EXCURSION AU CANADA ET À LA RIVIÈRE ROUGE DU NORD,
XII
Nous entrons ici dans une des plus singulières régions du monde entier, région qu’on pourrait appeler à bon droit « le pays des lacs ». Les indications sommaires fournies par les cartes ne sauraient donner qu’une idée fort imparfaite du nombre de ces nappes d’eau douce, qui, s’étendant des deux côtés de la « Hauteur des Terres », déversent leur trop-plein dans les bassins du Saint-Laurent et de la rivière Winnipeg.
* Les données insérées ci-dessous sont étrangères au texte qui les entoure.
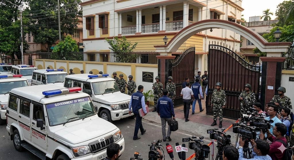 कोलकाता, पश्चिम बंगाल। प्रवर्तन निदेशालय (ईडी) ने शिक्षक भर्ती घोटाले से जुड़े धनशोधन मामले में पश्चिम बंगाल के पूर्व शिक्षा मंत्री पार्थ चटर्जी के ठिकानों पर शनिवार को एक बार फिर व्यापक छापेमारी की। यह कार्रवाई दक्षिण कोलकाता के नाकतला स्थित उनके आवास और कथित बिचौलिए प्रसन्ना कुमार रॉय के न्यू टाउन स्थित घर पर की गई। सूत्रों के अनुसार, केंद्रीय बलों की बड़ी तैनाती के बीच सुबह-सुबह ईडी की टीम चटर्जी के आवास पर पहुंची और घर के अंदर-बाहर कड़ी सुरक्षा व्यवस्था कर तलाशी अभियान शुरू किया। अधिकारियों ने घर में मौजूद लोगों से पूछताछ करने के बाद सीधे अंदर प्रवेश कर पूर्व मंत्री से कई अहम बिंदुओं पर पूछताछ शुरू की, जो खबर लिखे जाने तक जारी थी। बताया जा रहा है कि यह कार्रवाई पश्चिम बंगाल केंद्रीय विद्यालय सेवा आयोग (एसएससी) द्वारा कक्षा 9 से 12 तक सहायक शिक्षकों की भर्ती में कथित अनियमितताओं के मामले में की जा रही है। ईडी इस पूरे प्रकरण में मनी लॉन्ड्रिंग के पहलुओं की जांच कर रही है। अधिकारियों के मुताबिक, चटर्जी के तीन बार पूछताछ में उपस्थित नहीं होने के बाद एजेंसी ने यह सख्त कदम उठाया।

Les cartes ne marquent, en effet, que les lacs qui se rencontrent sur les différents itinéraires reconnus ou levés à diverses époques par des « partis » d’explorateurs : elles en omettent une infinité d’autres, fréquentés des seuls Indiens, qui par leur moyen sillonnent le pays dans toutes les directions sans se laisser arrêter par les rapides, les chutes ou la séparation des bassins. Ils sautent les rapides dans leurs légères embarcations d’écorce, contournent les chutes trop redoutables par un « portage » latéral, généralement très-court, et franchissent les lignes de faîte qui s’interposent entre deux lacs voisins par d’autres portages ouverts sur les points fixés par l’expérience et la tradition. Canots et bagages sont alors transportés à travers bois, sur les épaules des navigateurs. Dans ce pays semi-aquatique, la recherche d’un portage avantageusement situé acquiert toute l’importance que prendrait ailleurs la découverte d’un gué de rivière. Seulement, ici la route c’est l’eau, le véhicule c’est le canot ; et c’est la terre qu’il faut en quelque sorte traverser à gué. « Ici, comme le dit M. Dawson dans un de ses rapports, chaque rivière, chaque ruisseau à ses lacs. Qu’il aille dans quelque direction que ce soit, l’explorateur en franchissant une colline est sûr de tomber sur un lac. Il y en a tant qu’il serait difficile de décider s’il ne vaut pas mieux décrire
- ↑ Suite. — Voy. t. XXX, p. 97, 113, 129 ; t. XXXV, p. 225.